How to write a hit sitcom
The co-creator of Father Ted gave a ‘masterclass’ in sitcom writing at the Edinburgh International TV festival today.
His tips included:
- Don’t be afraid to procrastinate: ‘Even playing a computer game is valuable. The subconscious goes to sleep and when it wakes up, it panics. Your subconscious is like a writing partner… but one that’s never there when you need it.’
- Keep rewriting and rewriting: ‘The first draft is like a bunch of notes, it is just something to work with. Writers should be encouraged not to be so precious in the early drafts.’
- ‘Censorship is good’. He said thinking of ways of getting around rules meant you had to be get creative. ‘The Two Ronnies had more words for breasts than eskimos have for snow,’ he said. He quoted the Master Of My Own Domain episode of Seinfeld, which was all about refraining from masturbation, but never once mentioned the word.
- Don’t be afraid to keep cutting, even if it seems painful: ‘When you are losing good stuff, you know you are on the right track.’
- ‘Don’t do everything a TV executive tells you to do.’ But don’t cause a row, either. Just tell them their ideas are ‘interesting’.
- Make your own rules and stick to them. On Father Ted he and Arthur Mathews vowed never to show Ted at work, leading to a raft of jokes about his very short Mass in one episode that worked because the actual ceremony was unseen. ‘Rules like that focus the mind. They force you to think in more creative ways to get around things.
- Find The Trap that the characters are stuck in; either physical like Porridge or emotional like Steptoe, and make sure there are no other logical ways out of scenes other than the funny one. ‘Batten down the hatches so audiences never get the chance to say, “Hang on, why doesn’t he…?”’
- Think of the classic set-piece moments first. ‘If you can find in every episodes two such moments, then all you have to do is connect them up with a series of gags. The way to write sitcoms is to write these set pieces first’.
- Show don't tell. If your character is a cynical lawyer, don't introduce him as the ‘cynical lawyer’. Show him behaving that way.

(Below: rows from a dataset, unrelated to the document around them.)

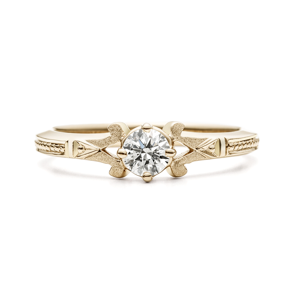 - K18シャンパンゴールドのデザインです。センターダイヤモンドは4本爪です。。石枠はオーソドックスな二段腰のスタイルです。側面からはキューレットまで確認出来ます。腕はシンメトリーのストレートライン。石枠の両サイドで二股に分かれています。こちらの部分のみダイヤバー仕上げとなっており、アンティークな質感が表れています。続く腕には、溝と凹凸で模様を施し、彫りの手法で飾り玉を並べました。指輪側面に傾斜をつけて、表面がより細く繊細に見えるように工夫しています。
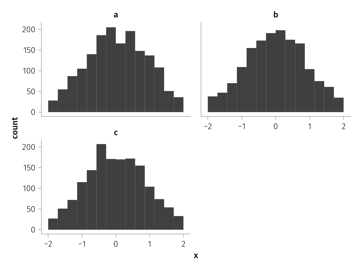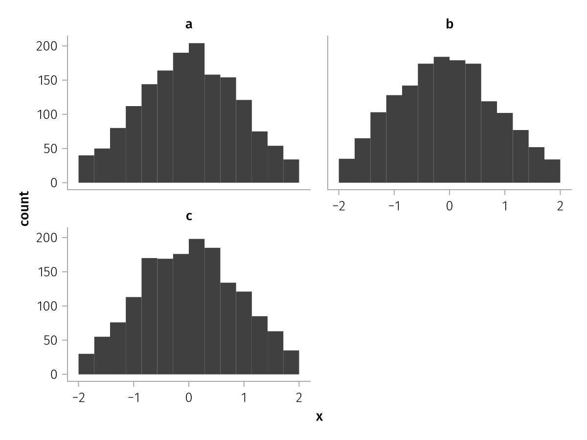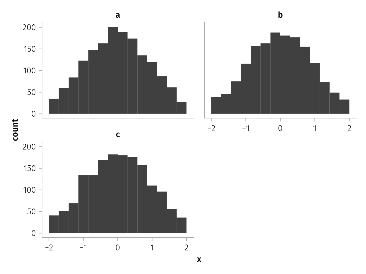 specs = data(df) * mapping(:x, layout=:z) * histogram(bins=range(-2, 2, length=15))
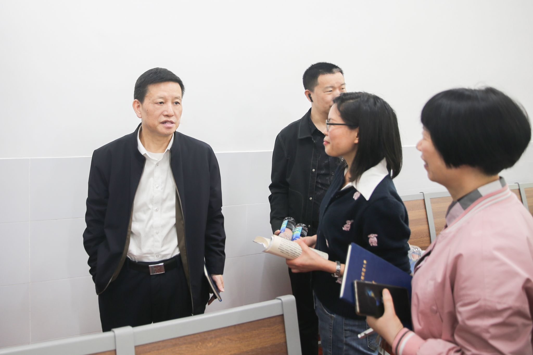蒋洪新先后走访了文学院、历史文化学院的重点学科资料室、教研室、教师办公室、文化展示长廊等区域,实地了解学院教育教学设施建设、教学工作运行等情况,并与师生亲切交流,对教师们的辛勤付出表示感谢。
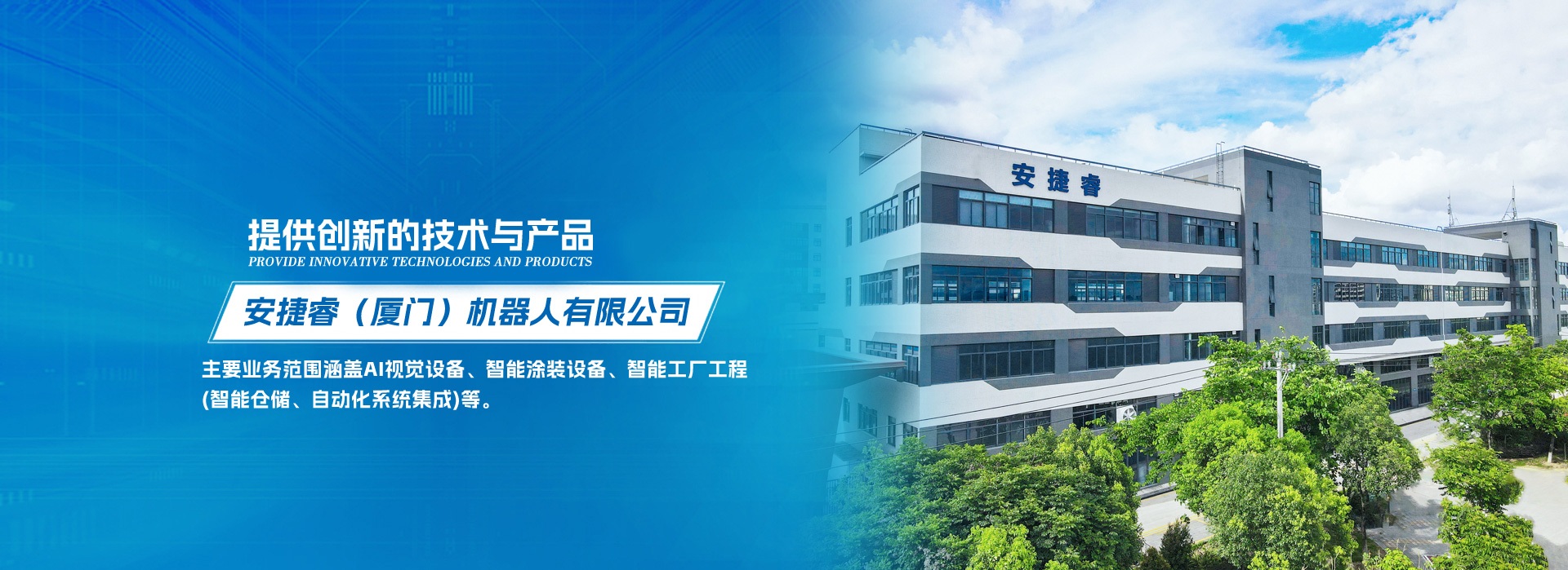 安捷睿(廈門)機器人有限公司坐落于美麗的經濟特區廈門,是專業從事智能機械、機器人設備研發、生產和銷售的國家級高新技術企業。 安捷睿著力服務高端制造業,主要業務范圍涵蓋AI視覺設備、智能涂裝設備、智能工廠工程(智能倉儲、自動化系統集成)等。公司與清華大學、哈爾濱工業大學、東北大學、廈門大學等高校緊密協作,且有多項技術成果轉化。公司致力于解放勞動力,為實現無人化生產提供創新的技術與產品,與合作伙伴共享科技發展成果。
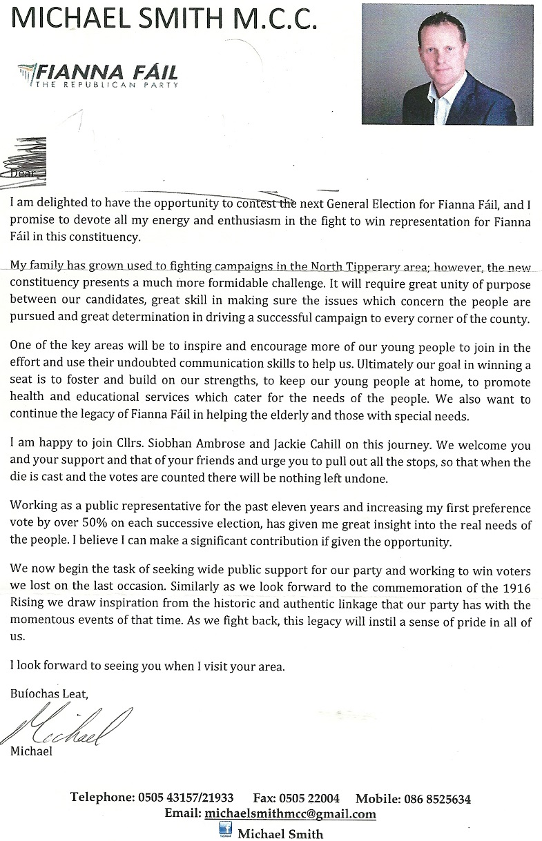 Letter to voters from Michael Smith -Fianna Fail -Tipperary » msmithletter
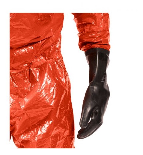 Fest angearbeitete anatomische KCL Butoject 898 Butylhandschuhe, welche auch bei Kälte hochflexibel sind und gute Ozon-, UV- und Temperaturbeständigkeit bieten, runden den Anzug ab. Der Handschuh ist gasundurchlässig und beständig gegen viele Säuren, Laugen, Lösungen, Alkohole, Ester, Weichmacher und Ketone.
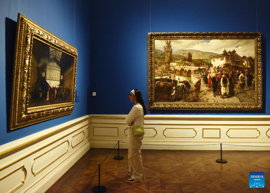 A woman looks at an exhibit at the Upper Belvedere in Vienna, Austria, on Jan. 9, 2024. The Upper Belvedere in Vienna houses one of Austria's most valuable art collections - with masterpieces by Gustav Klimt, Egon Schiele and Vincent van Gogh. (Photo by Han Lu/Xinhua)
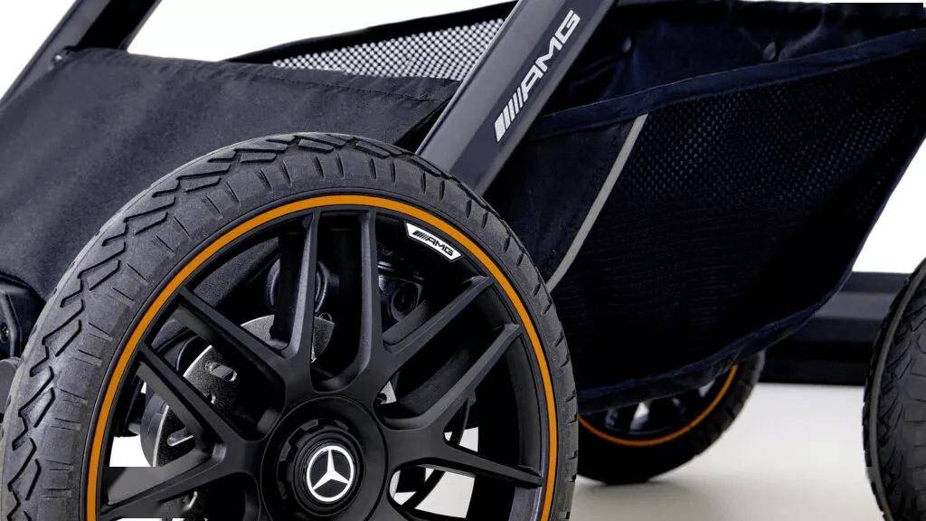 此外还有 Mercedes-AMG GT2 版。尽管名字令人联想到赛道利器,但其并非玩具,而是该系列中最为紧凑的型号,专为轻松收纳进汽车后备厢而设计。该款推车还配备了 AMG 标志性十字辐条轮毂,并点缀以干邑棕色细节,包括装饰缝线以及遮阳篷上刺绣的 AMG 徽标。
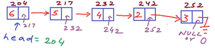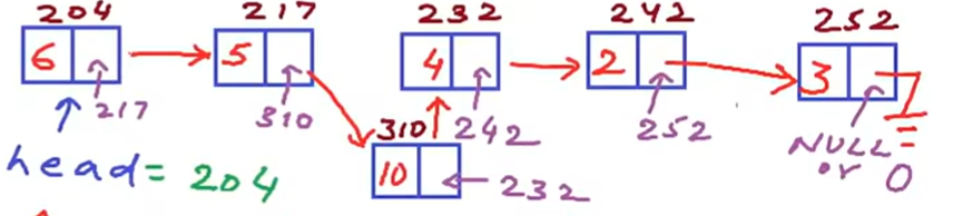 比如上面的数组内容,在链表的重新数据组织之下变成这样的非连续形式——
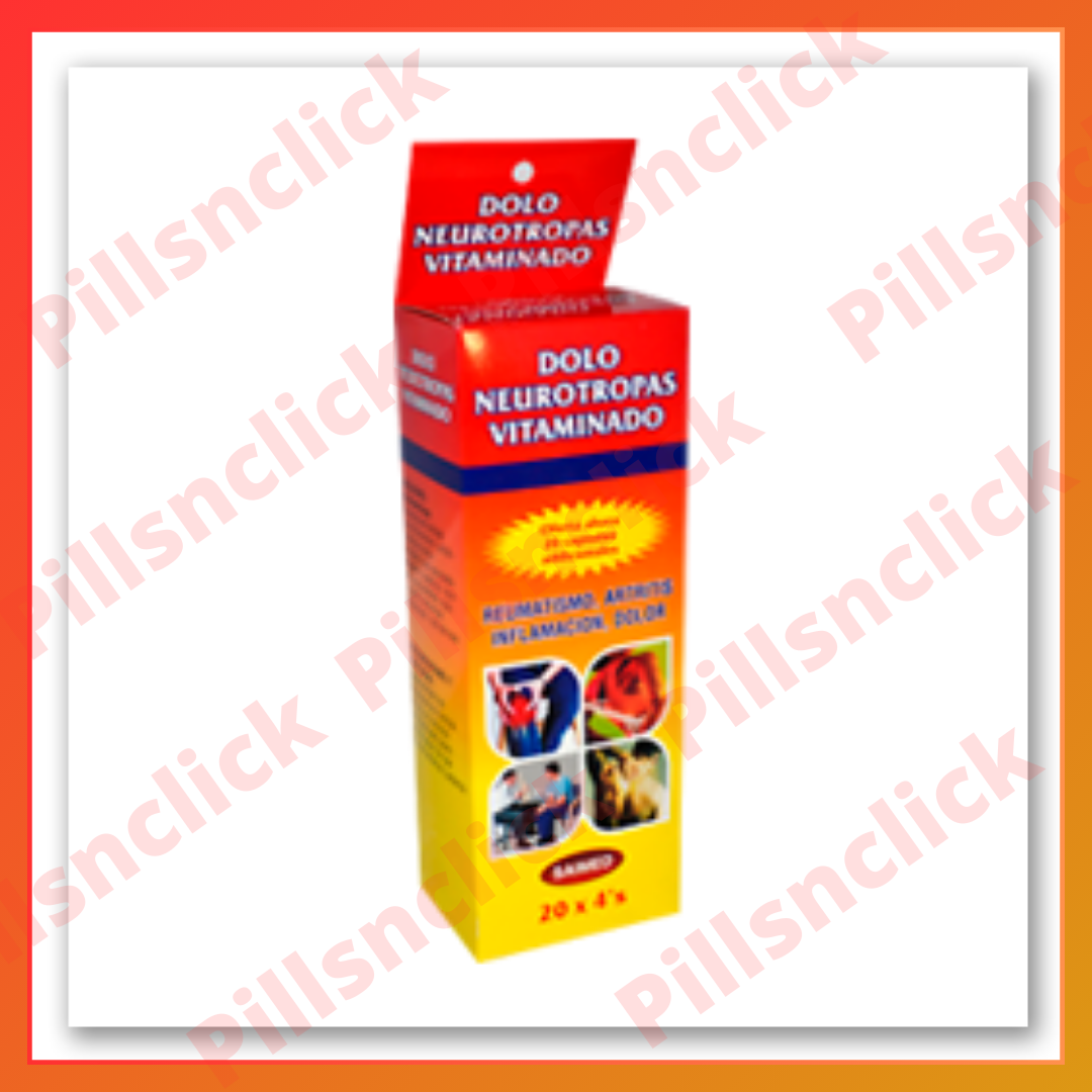 El Dolo Neurotropas Vitaminado es un suplemento en forma de cápsulas que ofrece un alivio efectivo para una variedad de condiciones dolorosas. Cada caja contiene 80 cápsulas distribuidas en 20 sobres, con 4 cápsulas en cada sobre.
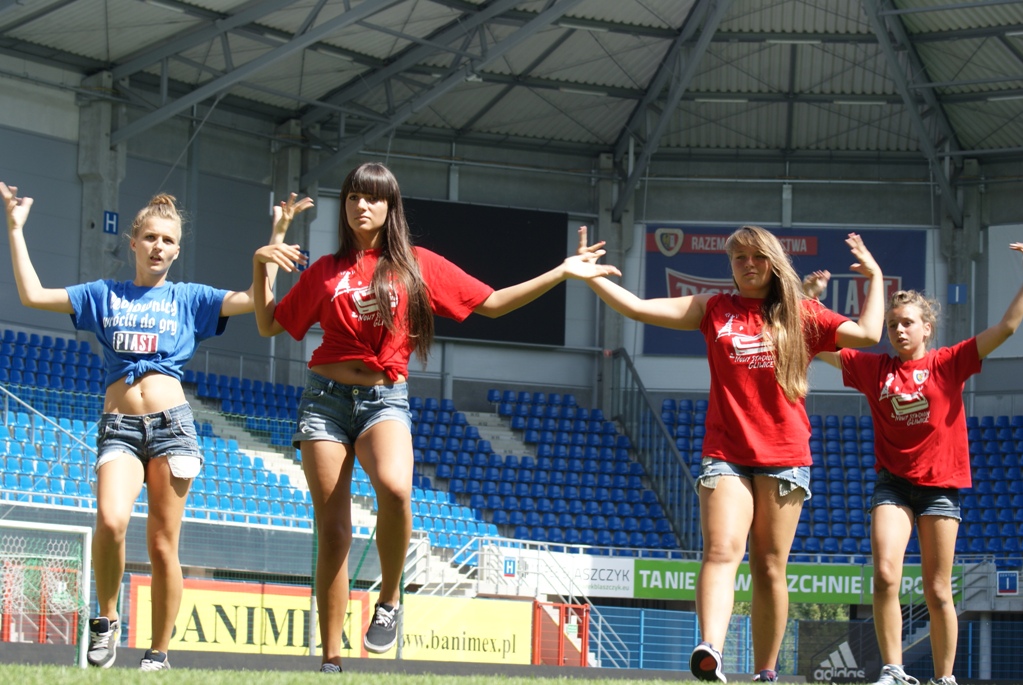 Fabryka Tańca jest w trakcie tworzenia klipu promocyjnego i w materiale znają się ujęcia wykonane na Stadionie Miejskim. - Z Piastem współpracujemy już od prawie dwóch lat i stadion jest dla naszej szkoły bardzo ważny. Nie wyobrażałam sobie, że przygotowywany przez nas klip mógłby nie zawierać scen nakręconych właśnie tutaj. Już wkrótce na spotkaniach T-Mobile Ekstraklasy fani niebiesko-czerwonych będą mogli oglądać na żywo nasze tancerki w akcji. Nie tylko piłkarze będą zatem dostarczać emocji zgromadzonym na stadionie kibicom. - mówi Magdalena Wrońska, właścicielka Fabryki Tańca.
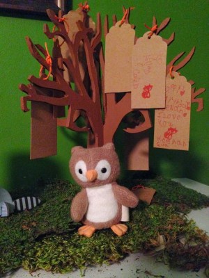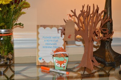 2 Berry Creative. I stamped foxes on each tag as well. I found a tree at Michaels and painted it brown to go with the theme.
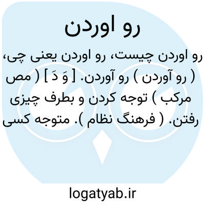 ( رو آوردن ) رو آوردن. [ وَ دَ ] ( مص مرکب ) توجه کردن و بطرف چیزی رفتن. ( فرهنگ نظام ). متوجه کسی شدن ورو کردن و رو نهادن. ( آنندراج ). اقبال:
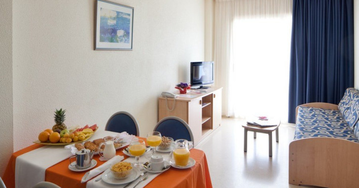 Descriere HOTEL H TOP ROYAL SUN SUITES: Hotel cu servicii dedicate familiilor, situat intr-o zona linistita din Santa Susana, la 5 minute plimbare de plaja.
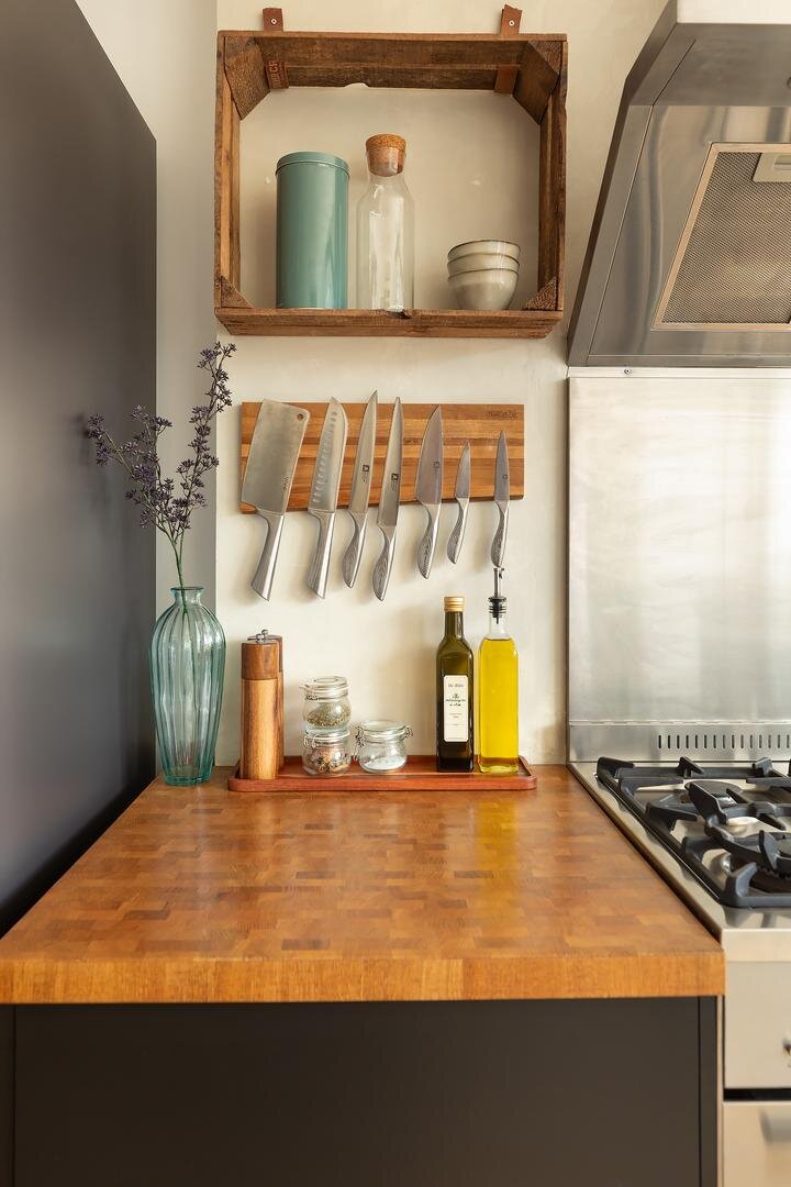 Kast voor de wasmachine-/drogeropstelling en toegang tot de achterdeur naar de fraaie tuin.

- Write scripts, not treatments, which he called ‘reviews of a show that doesn’t exist yet’. Only when you write will you know what your sitcom is really about.
- Find someone to work with. ‘Writing with a partner is paid socialising. Writing on your own is work.’
- Think differently. If everyone is doing silly, do realistic; if everyone is doing sketch shows with recurring characters, write one that doesn’t. ‘The main reason I did the IT Crowd was because everyone said that the silly sitcom was dead.’